§ EXERCISE
Keep only the lines of the material below that contain the word "your". Copy those lines.

BEGIN

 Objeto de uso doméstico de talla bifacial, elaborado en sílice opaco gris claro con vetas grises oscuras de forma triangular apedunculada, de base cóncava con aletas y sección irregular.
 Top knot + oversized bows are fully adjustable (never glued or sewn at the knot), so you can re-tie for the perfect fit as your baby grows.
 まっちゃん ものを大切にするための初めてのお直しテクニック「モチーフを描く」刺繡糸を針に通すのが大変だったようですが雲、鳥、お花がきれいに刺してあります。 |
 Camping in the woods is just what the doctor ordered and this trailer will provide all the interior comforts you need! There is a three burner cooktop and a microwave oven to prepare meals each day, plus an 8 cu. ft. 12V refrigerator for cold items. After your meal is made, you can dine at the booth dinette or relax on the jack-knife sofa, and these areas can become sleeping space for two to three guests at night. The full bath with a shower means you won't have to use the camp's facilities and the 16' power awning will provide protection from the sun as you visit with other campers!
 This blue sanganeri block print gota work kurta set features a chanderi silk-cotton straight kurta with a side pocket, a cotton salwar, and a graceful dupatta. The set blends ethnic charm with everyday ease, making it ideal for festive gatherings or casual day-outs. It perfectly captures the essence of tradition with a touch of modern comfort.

END
BEGIN

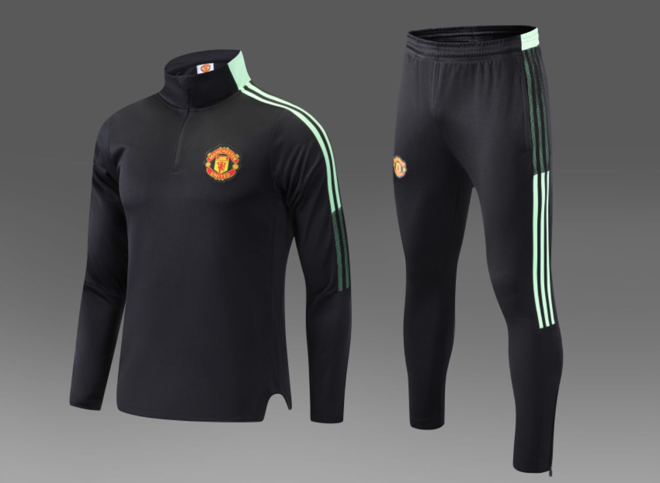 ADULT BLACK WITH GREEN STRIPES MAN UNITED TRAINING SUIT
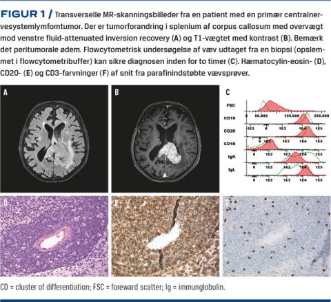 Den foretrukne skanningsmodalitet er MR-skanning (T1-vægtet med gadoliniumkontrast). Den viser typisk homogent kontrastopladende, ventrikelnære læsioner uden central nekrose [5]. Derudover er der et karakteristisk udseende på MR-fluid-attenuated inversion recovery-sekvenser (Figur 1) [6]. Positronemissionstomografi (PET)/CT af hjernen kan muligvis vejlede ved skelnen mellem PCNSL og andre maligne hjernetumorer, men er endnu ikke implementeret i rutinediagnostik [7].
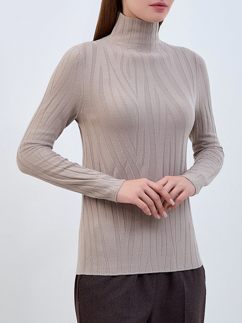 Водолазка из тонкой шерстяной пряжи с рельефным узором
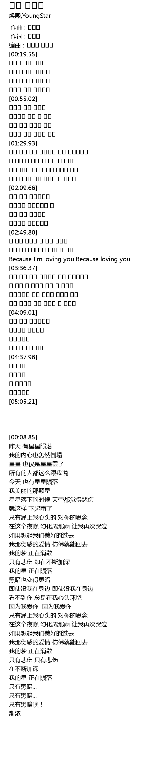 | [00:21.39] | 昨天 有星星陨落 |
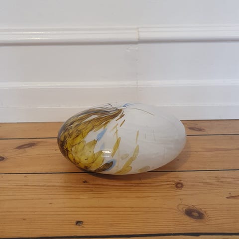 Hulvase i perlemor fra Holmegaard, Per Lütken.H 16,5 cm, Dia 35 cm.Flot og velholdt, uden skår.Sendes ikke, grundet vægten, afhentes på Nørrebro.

END

§ SOLUTION TO THIS TASK
 Top knot + oversized bows are fully adjustable (never glued or sewn at the knot), so you can re-tie for the perfect fit as your baby grows.
 Camping in the woods is just what the doctor ordered and this trailer will provide all the interior comforts you need! There is a three burner cooktop and a microwave oven to prepare meals each day, plus an 8 cu. ft. 12V refrigerator for cold items. After your meal is made, you can dine at the booth dinette or relax on the jack-knife sofa, and these areas can become sleeping space for two to three guests at night. The full bath with a shower means you won't have to use the camp's facilities and the 16' power awning will provide protection from the sun as you visit with other campers!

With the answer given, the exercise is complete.